There is a third stream, that of the badly used white male and his struggle to overcome the tyranny of those beneath him. This is the big libertarian mantra. As a US congressman (a King) said to reporters, "When did white nationalism become a bad thing?". If this were added to the above on a Venn diagram, I imagine that there would still be a near one to one correspondence between the audiences for all three messages. 🤔
I used Goodreads for over three years, as an easy way to track writers and books that entertained, made no impression (too many) or gave me pause (an overwhelming percentage of more than 1300 books). cgr710 forcefully stated in a comment, (since deleted) that I am a "proselytizer". These books (no matter how poorly edited, badly written and overtly horrible in social messaging) and the readers who defend them based not on the merits of the books but to deny the right of a reader to criticize the books are not "proselytizers". I admit to confusion. It must be an american thing. 😊
You can see why YouTube slowly became my preferred source for things bookish and TV for science fiction. For good movies and shows, Netflix has the biggest collection but the other services all have science fiction classic and new. The Russian offerings are all dark but interesting and novel. I just realized that they are In that way similar to Scandinavian stories, though they have different cultural lenses as is to be expected.

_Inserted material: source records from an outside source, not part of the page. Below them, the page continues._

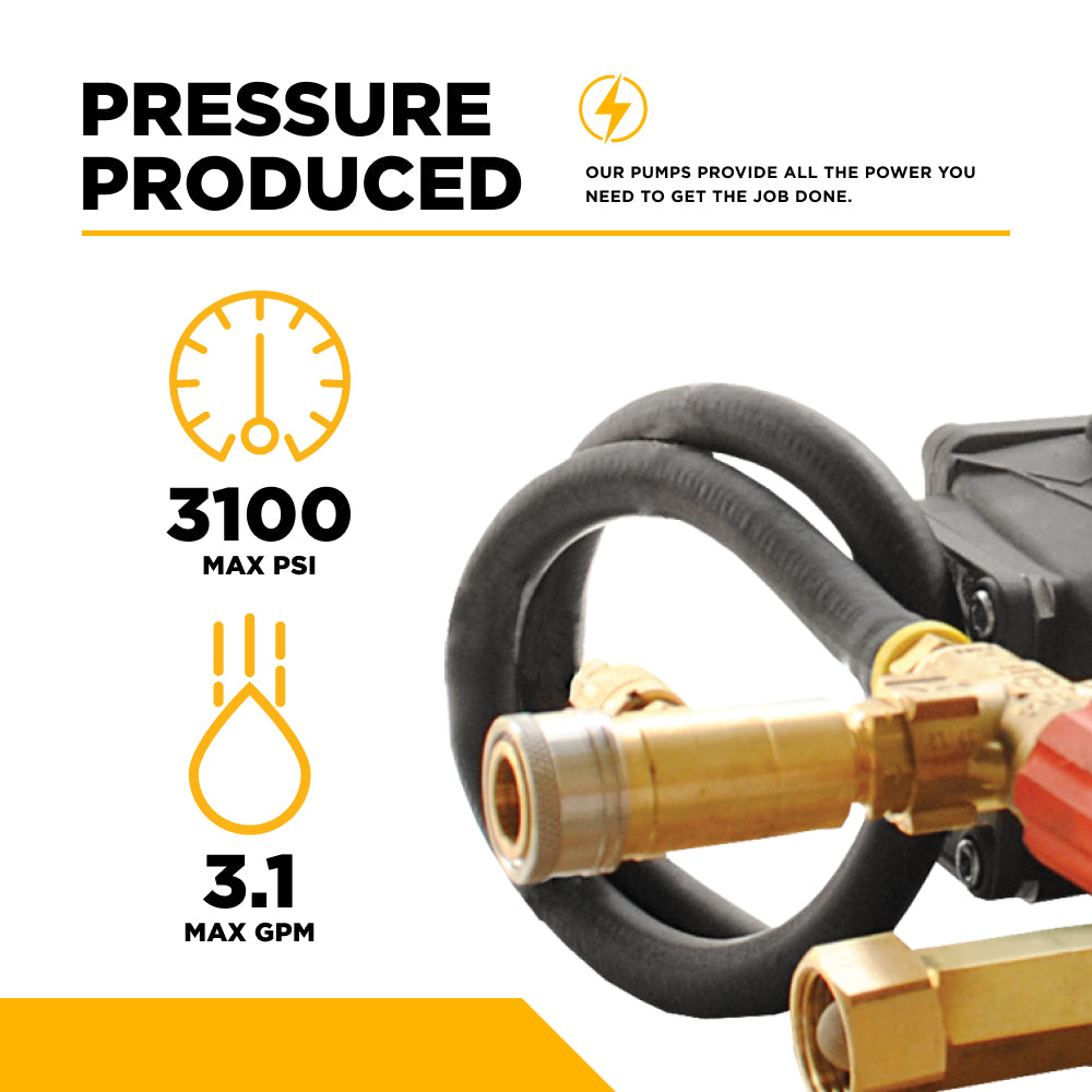 With an output of 3,100 PSI at 3.1 GPM this pump has the perfect balance of pressure and flow. The higher flow rate allows for faster coverage on larger surfaces, the higher pressure rating for effective dirt, stain and grime removal.
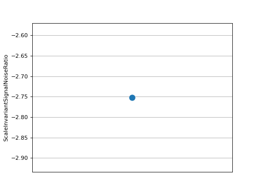 >>> # Example plotting a single value >>> import torch >>> from torchmetrics.audio import ScaleInvariantSignalNoiseRatio >>> metric = ScaleInvariantSignalNoiseRatio() >>> metric.update(torch.rand(4), torch.rand(4)) >>> fig_, ax_ = metric.plot()
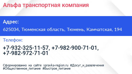 Альфа, транспортная компания по адресу 625034, Тюменская область, Тюмень, Камчатская, 194 в дальнейшем Организация, размещена в следующих категориях:
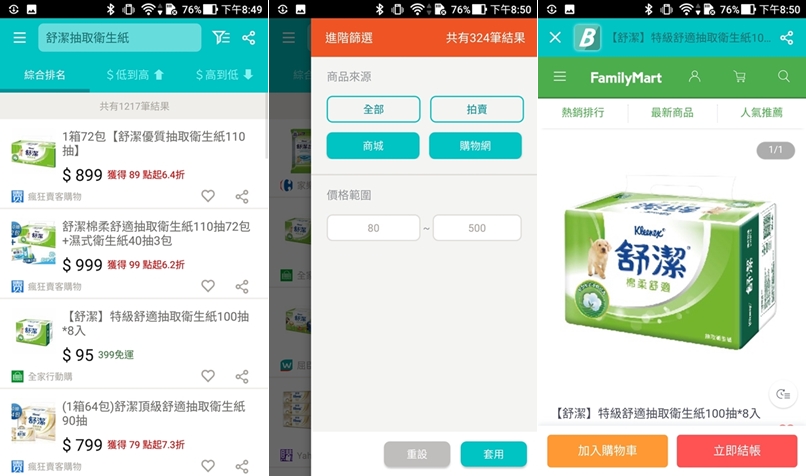同樣都是用舒潔抽取式衛生紙來做示範,輸入關鍵字後跑出來的結果也不少,預設是依相關度,也可切換成價格,點進去會列出賣場和價格的效期、運費。

A sample of my favorites are.
UA Courage, Sarah Z, Ship Happens, Natasha's Adventures, Narrowboat Pirate, A Clockwork Reader, Life of Lit, History Hit, Just Ali, Tom Nicholas, Munecat, Books with Emily Fox, Tara Mooknee, Eric Karl Anderson, Tibees, Melodie Rose, Christy Anne Jones, The Bookleo, Noelle Gallagher, France 24, Novara Media, Elena Taber, Serena Skybourne, Double Down News, I'm Rosa, Atun Shei, BrandonF, DW News, Ali Abdaal, Emmie, Lady of the Library, Katie Colson, Patrick is a Navajo, Maggie May Fish, Alayna Joy, Beautifully Bookish Bethany, SandRhoman History, A Clockwork Reader, Hello Future Me, Merphy, Lorna Jane Adventures, Lilly's expat life, Northern Narrowboaters, Brittany the Bibliophile, A Cup of Nicole, Cari can Read, Books and Lala, The Irish Reader, Between the Wars, AI Universe, Alize, What Vivi did next, Austin McConnell, Big Joel, Jabzy, Jenny Nicholson, Elliot Brooks, Joe Scott, Real Engineering, Sabine Hossenfelder, Between the Lines, Books and Quills, Sabaton History, Jill Bearup, Maximillien Robespierre, Noah Sampson, Zoe Bee, We're in Hell, Cold Fusion, Dark Skies, Swell Entertainment, The Juice Media, The Armchair Historian, The Shades of Orange, lily Alexander, Kitty G, With Olivia, Writing with Jenna Moreci, The Amber Ruffin Show, IzzzYzzz, Lady knight the Brave, Book Odyssey, Renegade Cut, Quinn's Ideas, Spacedock, Templin Institute, Second Thought, Anton Petrov, Rebecca Watson, Ask a Mortician, Kelly loves Physics and History, Alice Cappelle, Cruising Alba, Spaghetti Kozak Media and Heavy Ind, LLC, Practical Engineering, Dr Becky, Jessica Gagnon, The Gravel Institute, Make Media Better, Weir on the Move and Hailey in Bookland.
I apologize to anyone who just waded through what might charitably be described as waffling, disguised as a review. We will put that behind us and never speak of it again. I sincerely hope that your morning is glorious, your afternoon a treat, your evening enlightening and your night a pleasant surprise. Hope is the smoldering of Courage.